DDR6 SDRAM Double Data Rate 6 Synchronous Dynamic Random-Access Memory
- Developer: JEDEC
- Type: Synchronous dynamic random-access memory
- Generation: 6th generation
- Standards: DDR6-9600; DDR6-17600; DDR6-21000;
- Cycle time: TBA
- Transfer rate: 8,800–17,600 MT/s
- Bandwidth: Up to 134.4 GB/s
- Predecessor: DDR5 SDRAM (2020)

= DDR6 SDRAM =

Type of random-access memory

Double Data Rate 6 Synchronous Dynamic Random-Access Memory (DDR6 SDRAM) is the next planned type of synchronous dynamic random-access memory with a high-bandwidth ("double data rate") interface.

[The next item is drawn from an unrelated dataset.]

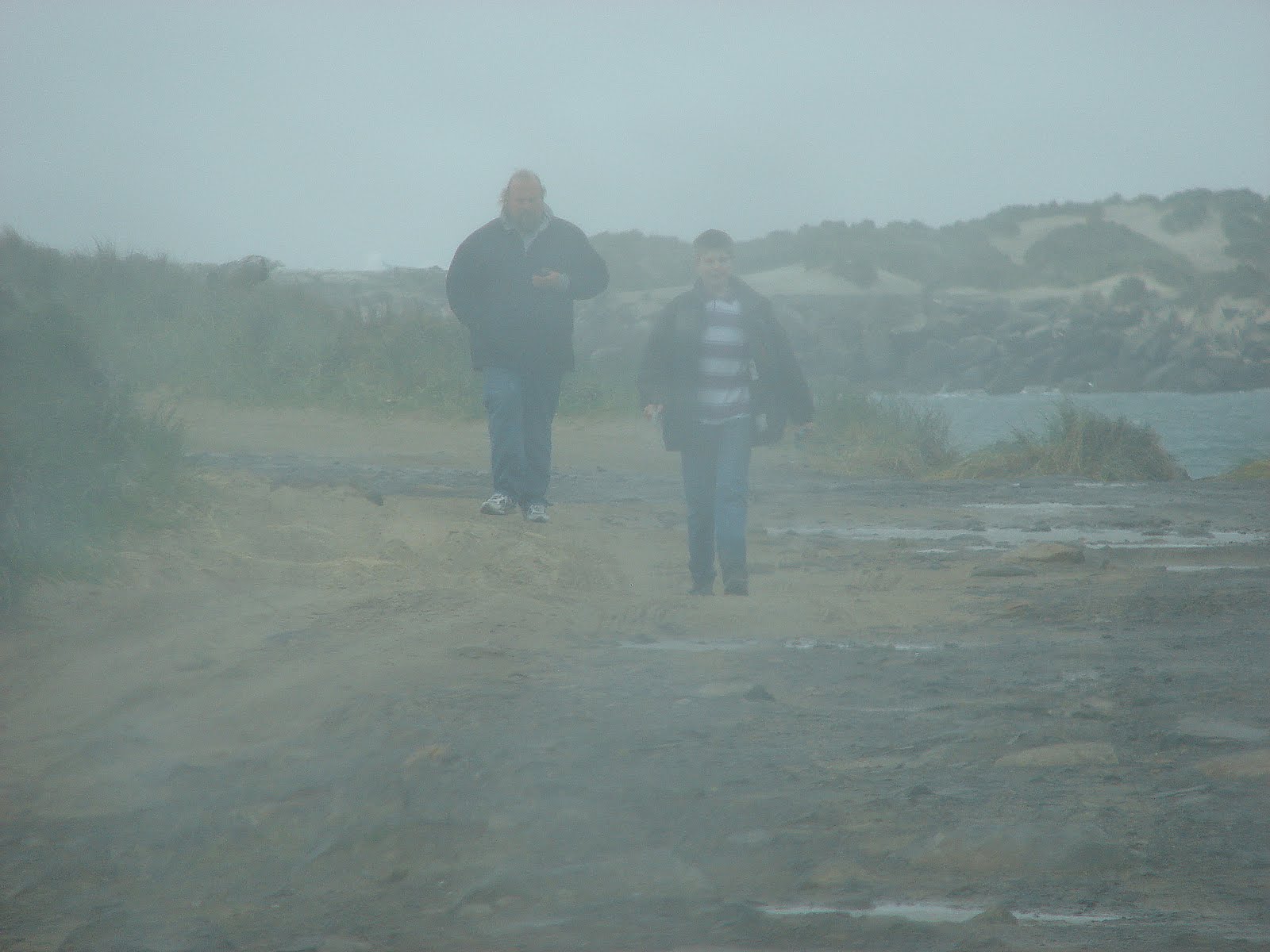 After our dinner, our son was very persistent about going to the beach. It was not “go to the beach weather” at all. It was so windy that it was shaking our van, and the rain that was coming down, was actually coming in at an angle. The rest of us in the car, really had no desire to go outside. However, Kylin, in his mind, was disregarding the weather. We were at the coast and we must go to the beach. So we found an area where one didn’t have to climb over a dune (in the wind & rain) to see the ocean. Kevin ventured out with the boy so he could have his wish fulfilled. Heather & I waited in the car, and stayed dry. At one point, we did receive a text from Kevin that just read “Brrrr!”. After about 20 minutes, they came back, and Kylin’s shoes were wet because he was close enough for the water to come up on shore and soak his feet.

Scheduled to release in 2028-2029, it is a type of DDR SDRAM, which will be the successor to DDR5. It will have a speed of 8,800–17,600 MT/s, four 24-bit wide memory channels, and a bandwidth up to 134.4 GB/s. DDR6 is expected to add optional 3D DRAM support.

== Efficiency ==
It will have CAMM2 form factor for efficiency, especially for laptops and compact devices. It will also have Decision Feedback Equalization.